Exercise brief:
Output exactly the lines from the one containing "5月13日,2017国际安全" through the final line of the entries below, both included, and skip the pictures.

------------------------------------------------------------------------

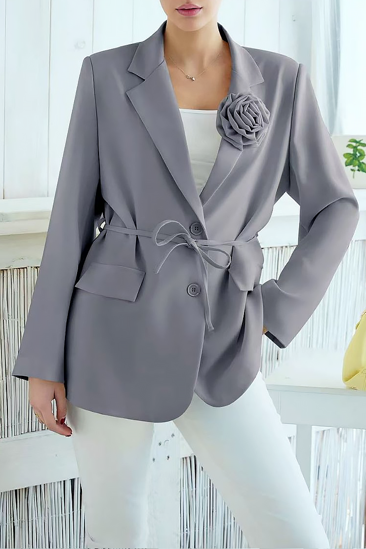 - Model ima elegantan kroj, klasičan ovratnik, remen od iste tkanine i ukrasnu ružu.
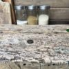 En bois massif, solide et robuste, il a été juste poncé et nettoyé pour préserver son charme de l’ancien. Comme le bois est piqué il a aussi été traité.
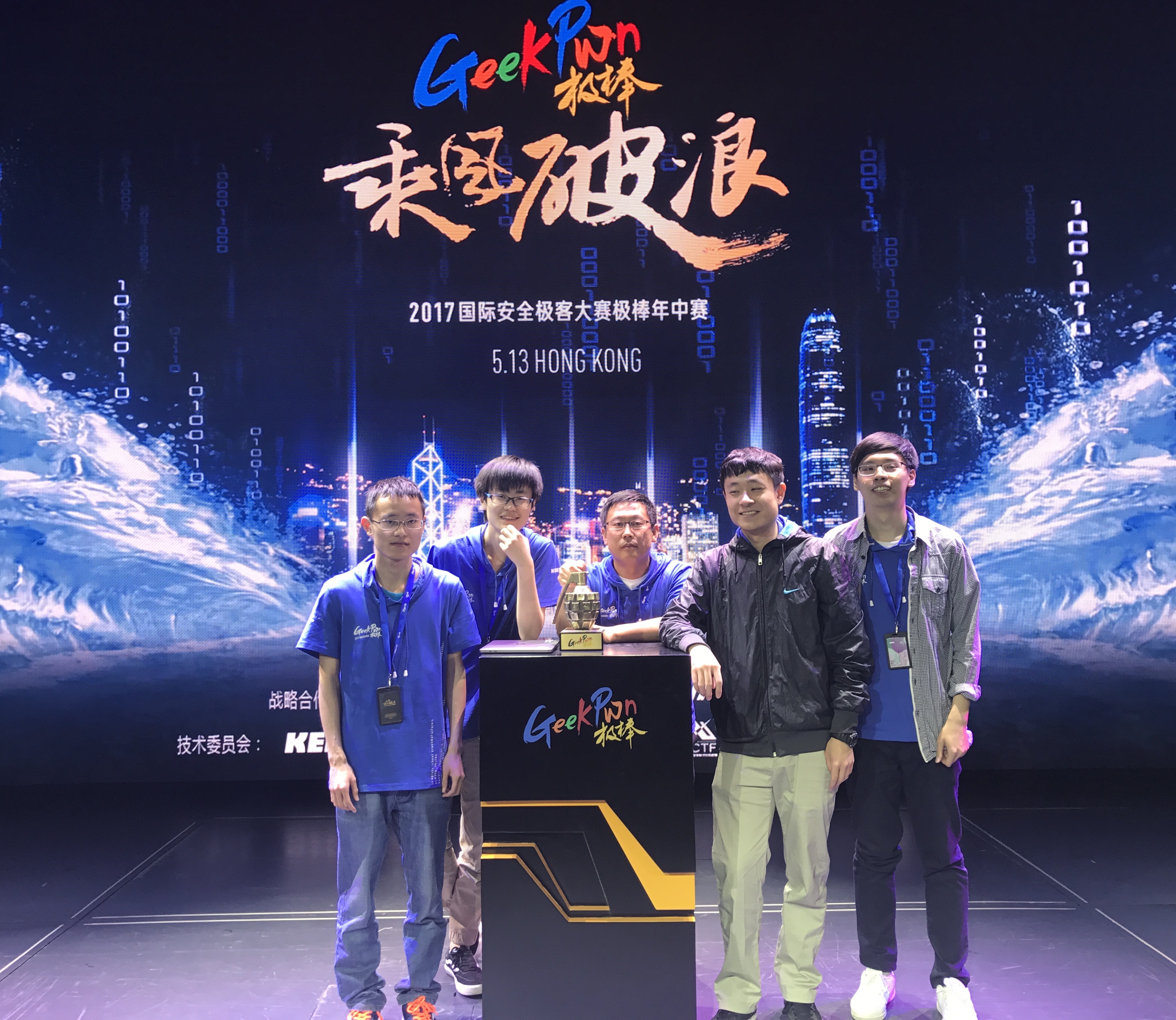 5月13日,2017国际安全极客大赛极棒(GeekPwn)年中赛在中国南海云顶梦号邮轮上举行。中国海洋大学信息安全实验室代表队攻破十个知名品牌的智能路由器,获100000元大奖,在十三支队伍中排名第二,并入选极棒名人堂。
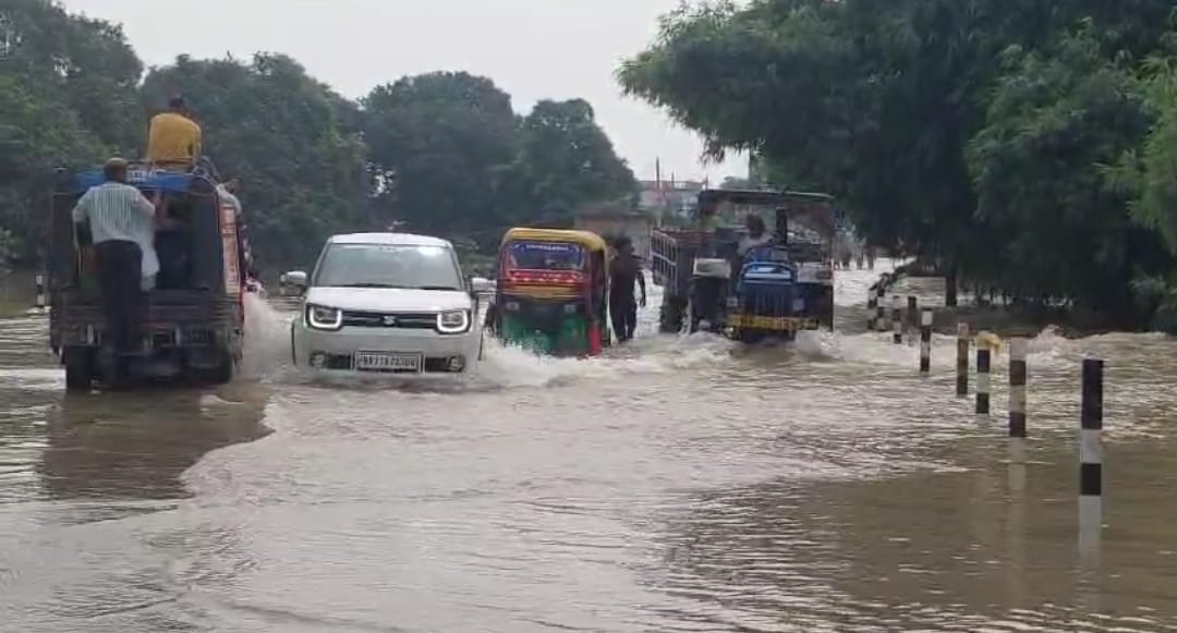 भागलपुर: बिहार का बाढ़ से पुराना नाता एक बार फिर सामने आ गया है। गंगा के लगातार बढ़ते जलस्तर ने भागलपुर में तबाही मचा दी है। सुल्तानगंज प्रखंड पूरी तरह जलमग्न हो चुका है। हालात इतने गंभीर हैं कि एनएच-80 भी गंगा के पानी में डूब गया है। अकबरनगर के पास सड़क पर करीब 2 फीट पानी बह रहा है, जिससे यातायात बुरी तरह प्रभावित हुआ है।
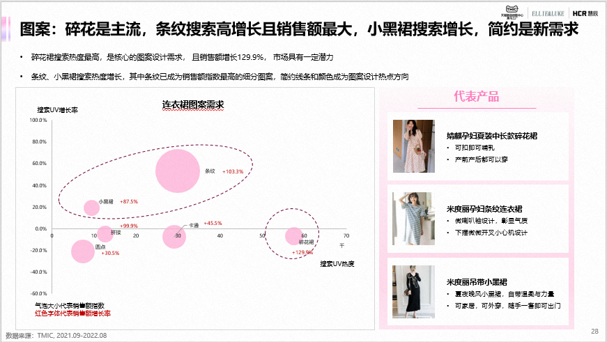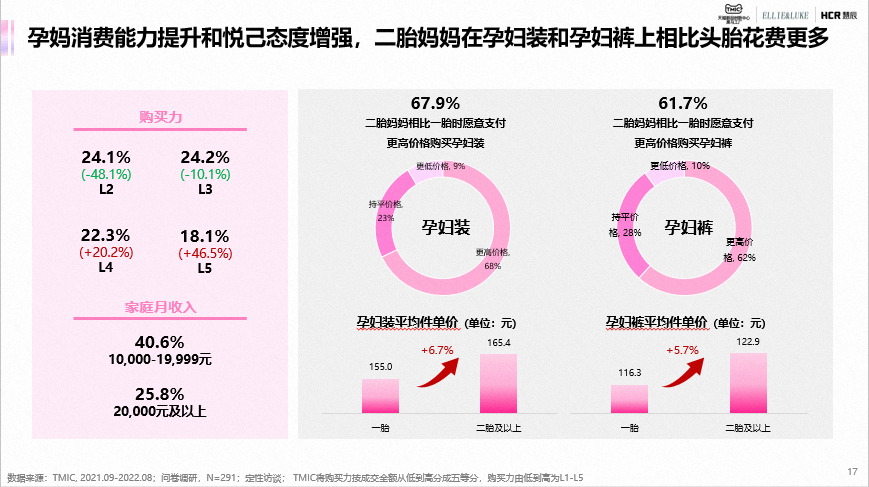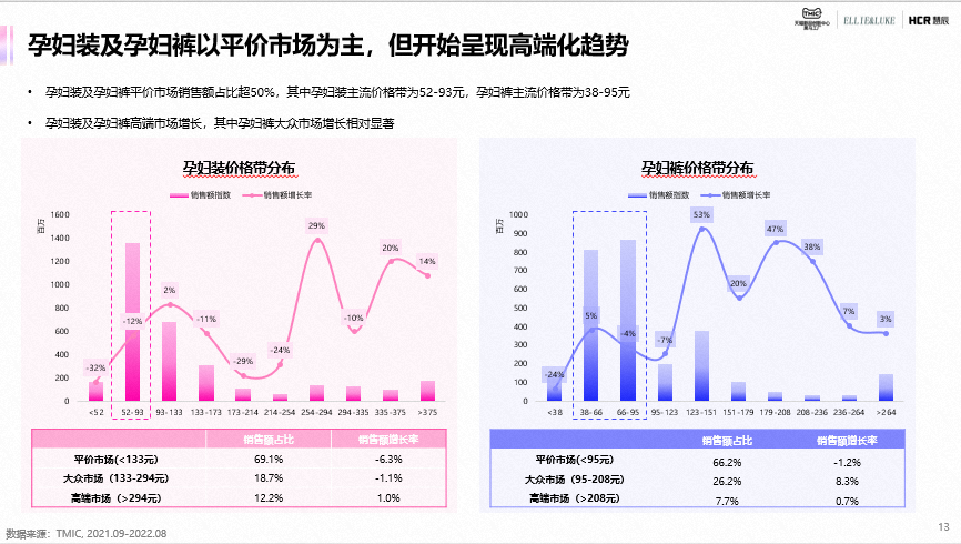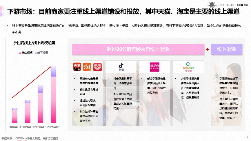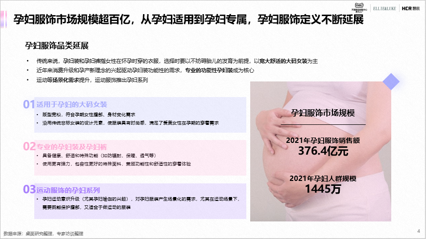 TMIC联合ELLIE&LUKE、慧辰共同发布《孕妇服饰行业趋势报告》。孕妇服饰市场规格超百亿,从孕妇适用到孕妇专属,孕妇服饰定义不断延展。生育政策、行业新策、消费升级、女性主义和技术革新驱动孕妇服饰发展,形成了上游和中游深度合作研发,下游渠道则完善线上渠道发展。

------------------------------------------------------------------------

Exercise answer:
 5月13日,2017国际安全极客大赛极棒(GeekPwn)年中赛在中国南海云顶梦号邮轮上举行。中国海洋大学信息安全实验室代表队攻破十个知名品牌的智能路由器,获100000元大奖,在十三支队伍中排名第二,并入选极棒名人堂。
 भागलपुर: बिहार का बाढ़ से पुराना नाता एक बार फिर सामने आ गया है। गंगा के लगातार बढ़ते जलस्तर ने भागलपुर में तबाही मचा दी है। सुल्तानगंज प्रखंड पूरी तरह जलमग्न हो चुका है। हालात इतने गंभीर हैं कि एनएच-80 भी गंगा के पानी में डूब गया है। अकबरनगर के पास सड़क पर करीब 2 फीट पानी बह रहा है, जिससे यातायात बुरी तरह प्रभावित हुआ है।
 TMIC联合ELLIE&LUKE、慧辰共同发布《孕妇服饰行业趋势报告》。孕妇服饰市场规格超百亿,从孕妇适用到孕妇专属,孕妇服饰定义不断延展。生育政策、行业新策、消费升级、女性主义和技术革新驱动孕妇服饰发展,形成了上游和中游深度合作研发,下游渠道则完善线上渠道发展。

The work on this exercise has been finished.